Ella asiente rápidamente con la cabeza.
El Gobernador mira a Lilly.
—¿Y tú? ¿Lo tienes claro?
La mujer sigue mirando al suelo sin decir nada.
—No estoy buscando consenso. Te lo preguntaré otra vez, Lilly: ¿Has entendido el contrato? —insiste el Gobernador, acercándose a ella cada vez más.
Lilly se niega a hablar.
El Gobernador saca su Army Colt del calibre 45 y empuñadura perlada, retira el seguro y presiona la cabeza de Lilly con el cañón del arma. Sin embargo, antes de poder decir algo más o pegarle un tiro en la cabeza, ella lo mira.
—Lo he entendido —contesta finalmente.
—¡Damas y caballeros!
La voz nasal del joven granjero crepita a través del sistema de altavoces del estadio, su eco se extiende por todo el caótico escenario que hay detrás de la valla metálica. La masa de espectadores se ha dispersado por todos los asientos de las gradas, aunque ni un solo asistente ha abandonado el recinto. Algunos de ellos están acostados boca arriba, borrachos, mirando el oscuro cielo sin luna. Otros, intentando olvidar los horrores de la batalla campal que acaban de presenciar en la pista, se pasan las botellas de licor una y otra vez.
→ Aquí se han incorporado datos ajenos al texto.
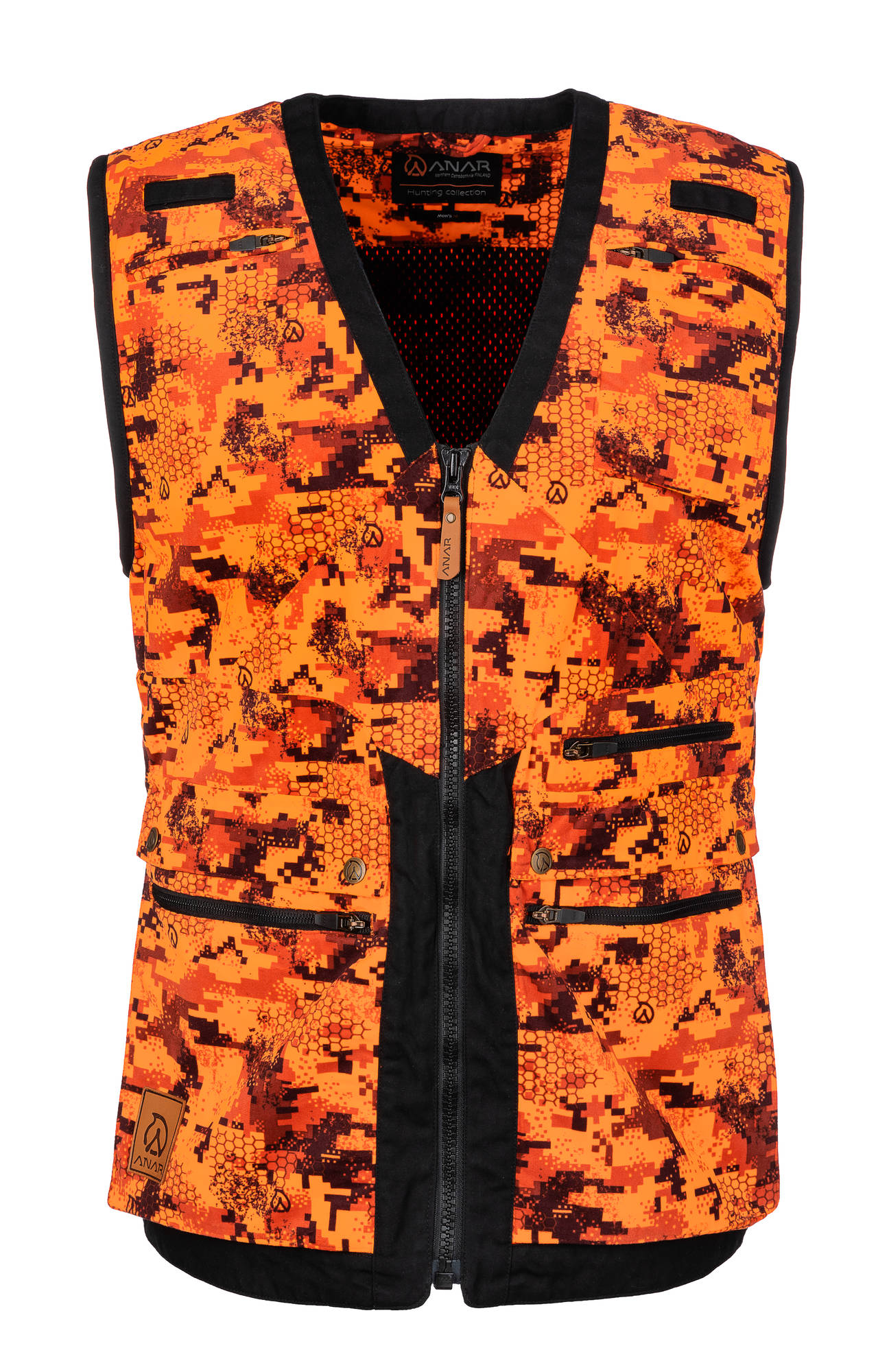 <p>Anar Bear Pro jaktvest er designet i samarbeid med profesjonelle bjørnejegere. Vesten er utformet for å imøtekomme behovene til selv de mest kresne jegere under jakten. Vesten er laget av et mykt og stille børstet materiale, med farge og mønster for å kamuflere jegeren fra dyrets syn. Den lys oransje fargen oppfyller de nyeste lovkravene og forbedrer synlighet og sikkerhet under jakten. Romslige og funksjonelle lommer gjør det enkelt å bære med seg nødvendige gjenstander i skogen. Stilfulle detaljer av vokset stoff foran og nederst på vesten gir ekstra støtte. Elastikk i midjen på baksiden sikrer en utmerket passform.Myk og stille børstet materialeGodt kamuflerende digital camo-mønster designet i FinlandMesh-fôr forbedrer fukttransport fra lagene underTre romslige frontlommer med glidelås, ammunisjonslommer nederstTo brystlommer med glidelås for radiotelefoner, med antenneholdere overInnerlomme med glidelåsVill-/utstyrsrom på baksiden med tilgang fra begge siderMetall-D-ring på siden for ulike utstyrElastikk bak i livet sikrer god passformKvalitets YKK-glidelåserDesignet og testet i Finland</p>

Los más ebrios se dedican a tirar basura y botellas vacías al centro del campo para molestar a los mordedores cautivos, que intentan huir tirando de las cadenas, mientras de sus labios podridos rebosan babas negras.
Desde hace ya más de una hora, el público silba y abuchea mientras los dos luchadores muertos yacen sobre el charco de su propia sangre, fuera del alcance de los zombies.
Vuelve a oírse la voz amplificada:
—¡El Gobernador tiene una gran noticia que darnos!
El anuncio capta toda la atención de los presentes, que dejan de proferir la cacofonía colectiva y paran de silbar y abuchear. El público, formado por unos cuarenta espectadores, vuelve a sentarse aturdido en las butacas de la primera fila, algunos de ellos incluso tropezándose debido a su estado de embriaguez. En unos minutos, todos los espectadores están incorporados en los asientos de primera fila, situados tras la valla metálica que en su día protegía a los aficionados a las carreras de los trompos y los neumáticos en llamas que salían volando de la pista.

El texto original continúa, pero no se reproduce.